The death toll climbed to five on Saturday as a further body was recovered from the wreckage, police said.

The accident happened on the last day of school for Bavarian pupils ahead of the Whitsun holidays. There is also a nationwide holiday on Monday June 6th. 

A spokesman for the Garmisch-Partenkirchen district office said it could not be ruled out that there were many school pupils on the train. 

A view of the derailed train in Garmisch-Partenkirchen.

A view of the derailed train in Garmisch-Partenkirchen. Photo: picture alliance/dpa/ADAC Luftrettung | ADAC Luftrettung

Stefan Sonntag, the press spokesman for Upper Bavaria’s police force, said the regional train was “very crowded and many people were using it, hence the high number of injured”.

It happened just two days after Germany’s €9 monthly public transport ticket launched. There had been worries about overcrowding on regional train services due to the cheap offer. 

READ ALSO: Five dead after German train derails near Bavarian resort

How did emergency services respond?

A massive rescue operation got underway after the crash, with around 500 staff at the scene. 

Emergency services said people were pulled out of windows of the overturned carriages.

Twelve rescue helicopters circled over the area, which lies near the Alps.

Aerial photos show that the double decker train was travelling on a long, single-track curve.

An aerial view shows the derailed train.

An aerial view shows the derailed train. Photo: picture alliance/dpa/ADAC Luftrettung

The section of track is elevated on a railway embankment, and several wagons slid off the embankment. The busy B2 road runs alongside the line. It was closed while the rescue operation was underway. 

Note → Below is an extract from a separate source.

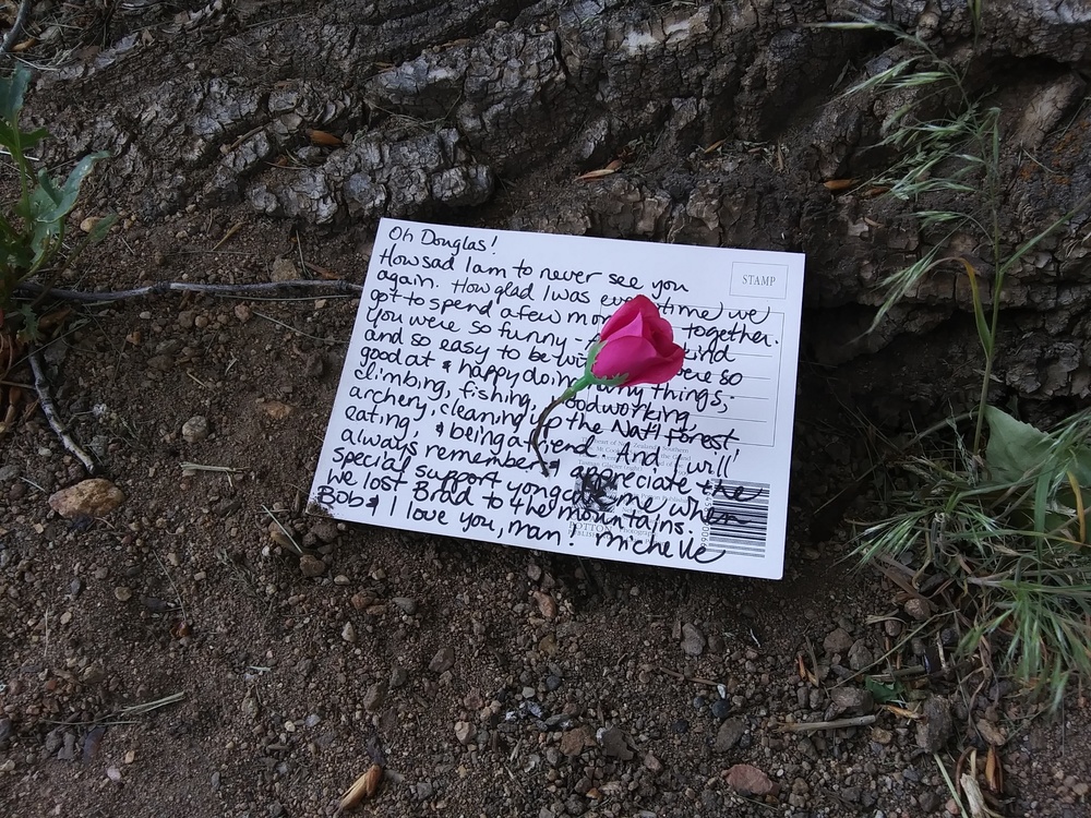 Oh Douglas! How sad I am to never see you again. How glad I was everytime we got to spend a few moments together. You were so funny - always kind and so easy to be with. You were so good at and happy doing many things; climbing, fishing, woodworking, archery, cleaning up the Nat'l Forest, eating, and being a friend. And I will always remember and appreciate the special support you gave me when we lost Brad to the mountains. Bob and I love you, man! michelle

Local police spokesman Sonntag said locals had called emergency services to alert them that a train had derailed. 

An American soldier was in one of the cars on the road next to the railway line when it happened. He told the Garmisch-Partenkirchner Tagblatt newspaper: “It was terrible,” he said. “Simply terrible. Suddenly the train flipped over.”

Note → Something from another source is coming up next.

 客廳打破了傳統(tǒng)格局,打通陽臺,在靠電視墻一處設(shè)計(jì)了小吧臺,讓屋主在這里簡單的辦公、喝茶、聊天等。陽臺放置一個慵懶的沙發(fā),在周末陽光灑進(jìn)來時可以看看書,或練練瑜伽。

Rail operator Deutsche Bahn expressed its “deepest sympathy” to the victims’ families and set up a hotline for relatives.

“No statement can be made about the causes of the accident at this time,” Deutsche Bahn said.

Emergency services at the scene of the derailment.

Emergency services at the scene of the derailment. Photo: picture alliance/dpa | Sven Hoppe

Investigations are underway into the cause of the crash. 

Bavarian state premier Minister Söder (CSU) told broadcaster BR24: “We mourn with the relatives. We pray and hope that everyone who is injured will soon recover.”

In a tweet, he also thanked the emergency services at the scene. 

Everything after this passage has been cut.